A state-backed turnaround fund is considering putting about 300 billion yen ($3.2 billion) in fresh capital into JAL, provided it files for bankruptcy and creditors agree to waive debt, sources told Reuters earlier this week.
JAL's main creditors, which include Mitsubishi UFJ Financial Group <8306.T>, Mizuho Financial Group <8411.T> and Sumitomo Mitsui Financial Group <8316.T>, had countered with a proposal to restructure JAL without a bankruptcy filing.
But with the state-backed Enterprise Turnaround Initiative Corp of Japan (ETIC) holding firm that bankruptcy is the most transparent and orderly way to deal with JAL's problems, the banks will almost certainly agree to the plan, sources said.

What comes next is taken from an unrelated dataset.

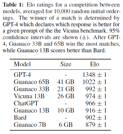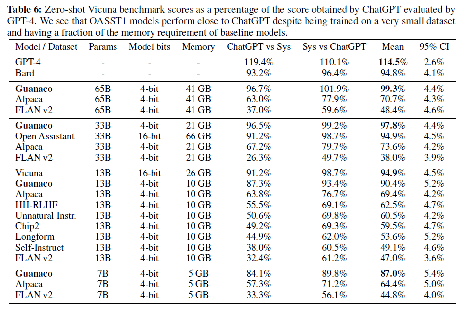 - Vicuna 벤치마크 결과는 위 표에서 ChatGPT와 관련하여 표시됩니다. Guanaco 65B는 GPT-4 다음으로 최고의 성능을 발휘하는 모델로 나타났으며, ChatGPT에 대한 성능이 99.3%에 달합니다.

JAL needs 300 billion yen and the ETIC is the only one that can provide it. If the ETIC is pushing for a court-led restructuring then we have to accept it. Otherwise JAL will collapse, said one of the sources, who has direct knowledge of the discussions between the banks, the government and the ETIC.
The ETIC is planning to set up a credit line of more than 600 billion yen in coordination with the state-owned Development Bank of Japan to ensure JAL has enough funds to keep operating once it files for bankruptcy, a fourth source with knowledge of that plan told Reuters.
The ETIC is eyeing some time between January 19 to 22 for JAL to file for bankruptcy and for the ETIC to officially announce its plan to support the carrier, sources have said.